Unable to perceive the shape of you,
I find you all around me:
Your presence fills my eyes,
With your love;
You’ve humbled my heart,
For you are everywhere.
-Hakim Sanai
This is the poem shared as an offering to adoration at the end of the much-heralded film The Shape of Water. Directed by Guillermo del Toro, what begins the seemingly impossible love story between a human woman and an amphibian man/deity are the musings of a closeted Gay artist, Giles, played by the effusive Richard Jenkins. He attempts to describe his best friend, the romantic female lead Elisa, rendered with beguiling charm by Sally Hawkins. All are out of their element in many ways and as the otherworldly in- the -midst- of the darkness of Cold War era movie unfolds, they bond in a language spoken and silent. Elisa is mute and bears scars on her neck that may indicate the reason. She communicates via sign language that both Giles and her friend and co-worker Zelda, played by the talented Octavia Spencer (she embodied one aspect of God in The Shack) understand and translate for others when need be.
Elisa and Zelda are employed as janitorial staff at a government facility.
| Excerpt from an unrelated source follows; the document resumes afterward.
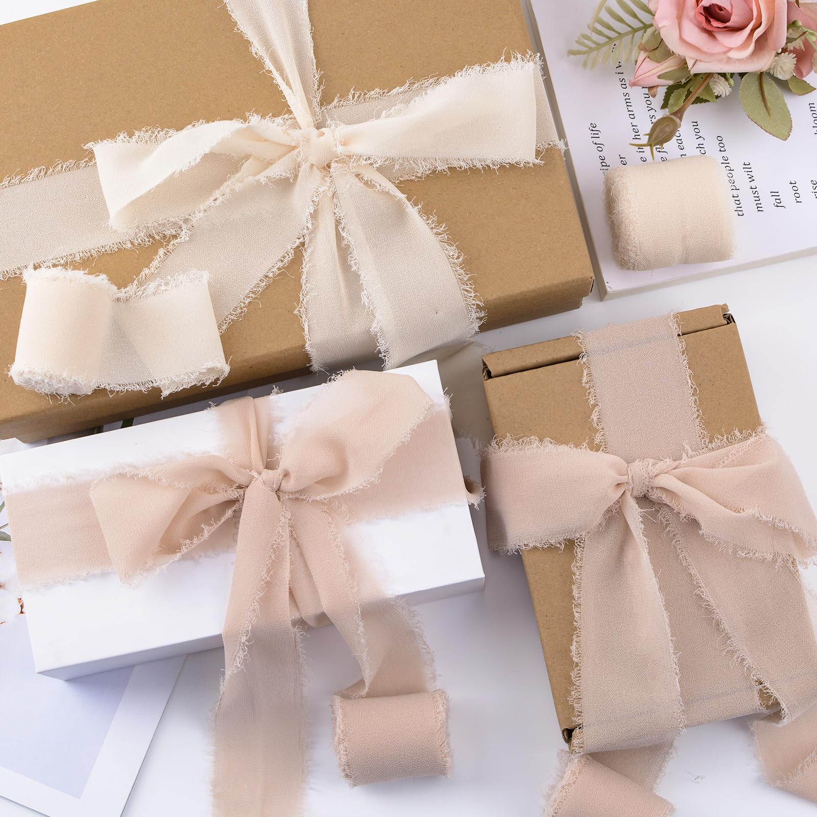 Rouleaux de mousseline de qualité supérieure Matériau de qualité supérieure : fabriqué en mousseline de soie de qualité supérieure, léger et délicat. Contenu de l'emballage : ce kit comprend 4 rouleaux de franges en ruban de mousseline. Ruban Blanc HASUDEI 3 Rouleaux Ruban Mousseline De Soie 3,8cm X 6m Ruban Cadeau Ruban Cadeau Emballage Décoratif Ruban De Tissu Ruban Rose Pour Invitations De Mariage, Décorations De Fête D'anniversaire Parapluie Transparent Search faster with PicClick Visual Search. Fabriqué à la main : ce ruban à franges en mousseline de soie est fabriqué à la main à chaque étape du chemin, y compris l'effilochage, la déchirure en rubans... Choix de plusieurs couleurs Décoration idéale c'est une décoration parfaite et une finition idéale pour l'emballage de cadeaux, les travaux manuels, les projets de bricolage, la décoration de bouquet, la décoration de couronne ou la décoration de la maison Couleur élégante : choisissez une couleur rose douce, qui convient à de nombreux styles et occasions. Chaque rouleau mesure environ 5 m de long et 3,8 cm de large. 4X RUBAN EN mousseline de soie à franges comme ruban bords

Cleaning toilets and scrubbing floors on the overnight shift, they are called into the lab where a being referred to as ‘the asset,’ has been sequestered after being captured by the cartoon character villain named Strickland, played with evil believability by Michael Shannon. A dead giveaway is when he walks into the men’s room as the two women are cleaning, washes his hands before, unzips and urinates in front of them, but doesn’t wash afterward and justifies it.
“A man washes his hands before or after tending to his needs. It tells you a lot about a man. He does it both times – points to a weakness in character.”
His adversarial relationship with the Amphibian Man is one that had me cringing since he seemed to derive pleasure from torturing him with a cattle prod. Doug Jones played the man in the rubber suit resembling The Creature From the Black Lagoon. I heard an interview with him on NPR during which he described the ordeal of suiting up each day and that there was a front flap to the costume, through which he could relieve himself, but not a back flap, so he was unable to eat while taking a break from shooting.
A.M. got his revenge by biting off two of Strickland’s fingers which left a bloody mess for Elisa to clean up as she retrieves the digits and hands them back to him in a paper bag. He has them sewn back on but neglects their care and they end up necrotic which was the perfect symbolism for his rotting heart and soul. Popping pain pills throughout the film does nothing to improve his temperament. Interesting to observe that his family who had “Daddy’s home!” excitement when he walked through the door of their suburban home, had no clue that it was paid for with the brutality toward and blood of another.
In the era of #metoo, this nefarious character evidenced that he liked his women silent; in a disturbing scene with his wife and another with Elisa who gets her own sign language revenge that had me laughing as she spelled out her response to his attempted intimidation.
The love story at the core of the movie begins as curiosity between the two seeming misfits. It is woven with a sensuous ribbon and building trust. Only in her mind and by her own hand, at the onset of the film, Elisa’s sexual pleasure is enlivened when communing with him. Her body is portrayed as if a work of art. Female sexuality is celebrated and the elements of water and eggs are generously sprinkled throughout as symbols of such. The themes of love, overcoming a sense of ‘otherness’, an appreciation of diversity, racism, good vs. evil, miracles, spirituality, healing, determinations, showing up, standing up and speaking out shape the scenes.
It was nominated for 13 Academy Awards and walked away with four: Best Picture, Best Director, Best Original Music Score and Best Production Design.